_WHAT THE TASK REQUIRES_: Reproduce, exactly and in full, only the lines below from the one containing "二、 按照在丰产小学施工的到" through the one containing "Muzeul Naţional de".
── INFORMATION GIVEN
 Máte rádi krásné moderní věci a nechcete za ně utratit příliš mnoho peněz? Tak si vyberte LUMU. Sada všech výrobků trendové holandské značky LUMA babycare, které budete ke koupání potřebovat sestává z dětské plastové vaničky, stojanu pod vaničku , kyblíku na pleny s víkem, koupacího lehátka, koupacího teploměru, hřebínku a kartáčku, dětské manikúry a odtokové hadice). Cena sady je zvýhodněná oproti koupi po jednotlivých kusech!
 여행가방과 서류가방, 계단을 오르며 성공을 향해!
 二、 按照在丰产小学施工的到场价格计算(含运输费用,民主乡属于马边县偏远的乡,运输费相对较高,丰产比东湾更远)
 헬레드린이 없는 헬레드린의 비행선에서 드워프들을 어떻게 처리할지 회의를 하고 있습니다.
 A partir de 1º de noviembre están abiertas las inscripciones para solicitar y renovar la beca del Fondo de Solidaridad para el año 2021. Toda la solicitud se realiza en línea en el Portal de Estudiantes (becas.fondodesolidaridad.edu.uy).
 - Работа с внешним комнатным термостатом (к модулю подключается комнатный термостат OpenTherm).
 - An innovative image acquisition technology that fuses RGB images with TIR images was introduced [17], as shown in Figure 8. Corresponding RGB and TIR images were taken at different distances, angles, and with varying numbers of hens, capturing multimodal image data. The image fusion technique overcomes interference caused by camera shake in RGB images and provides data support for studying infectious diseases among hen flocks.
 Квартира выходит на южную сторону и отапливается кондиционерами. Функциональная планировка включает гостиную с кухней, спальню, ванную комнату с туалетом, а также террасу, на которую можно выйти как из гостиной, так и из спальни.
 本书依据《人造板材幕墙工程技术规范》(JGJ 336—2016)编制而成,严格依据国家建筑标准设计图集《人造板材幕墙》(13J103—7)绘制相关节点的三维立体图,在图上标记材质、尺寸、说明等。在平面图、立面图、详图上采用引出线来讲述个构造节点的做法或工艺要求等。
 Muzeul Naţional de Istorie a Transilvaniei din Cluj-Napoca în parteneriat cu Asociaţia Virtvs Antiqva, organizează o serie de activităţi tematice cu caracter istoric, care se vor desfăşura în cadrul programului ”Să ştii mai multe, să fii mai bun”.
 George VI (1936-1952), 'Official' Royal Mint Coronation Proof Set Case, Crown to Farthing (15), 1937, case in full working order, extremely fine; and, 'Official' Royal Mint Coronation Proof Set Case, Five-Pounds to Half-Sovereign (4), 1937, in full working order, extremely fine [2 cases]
────
_SOLUTION FOR THIS EXERCISE_:
 二、 按照在丰产小学施工的到场价格计算(含运输费用,民主乡属于马边县偏远的乡,运输费相对较高,丰产比东湾更远)
 헬레드린이 없는 헬레드린의 비행선에서 드워프들을 어떻게 처리할지 회의를 하고 있습니다.
 A partir de 1º de noviembre están abiertas las inscripciones para solicitar y renovar la beca del Fondo de Solidaridad para el año 2021. Toda la solicitud se realiza en línea en el Portal de Estudiantes (becas.fondodesolidaridad.edu.uy).
 - Работа с внешним комнатным термостатом (к модулю подключается комнатный термостат OpenTherm).
 - An innovative image acquisition technology that fuses RGB images with TIR images was introduced [17], as shown in Figure 8. Corresponding RGB and TIR images were taken at different distances, angles, and with varying numbers of hens, capturing multimodal image data. The image fusion technique overcomes interference caused by camera shake in RGB images and provides data support for studying infectious diseases among hen flocks.
 Квартира выходит на южную сторону и отапливается кондиционерами. Функциональная планировка включает гостиную с кухней, спальню, ванную комнату с туалетом, а также террасу, на которую можно выйти как из гостиной, так и из спальни.
 本书依据《人造板材幕墙工程技术规范》(JGJ 336—2016)编制而成,严格依据国家建筑标准设计图集《人造板材幕墙》(13J103—7)绘制相关节点的三维立体图,在图上标记材质、尺寸、说明等。在平面图、立面图、详图上采用引出线来讲述个构造节点的做法或工艺要求等。
 Muzeul Naţional de Istorie a Transilvaniei din Cluj-Napoca în parteneriat cu Asociaţia Virtvs Antiqva, organizează o serie de activităţi tematice cu caracter istoric, care se vor desfăşura în cadrul programului ”Să ştii mai multe, să fii mai bun”.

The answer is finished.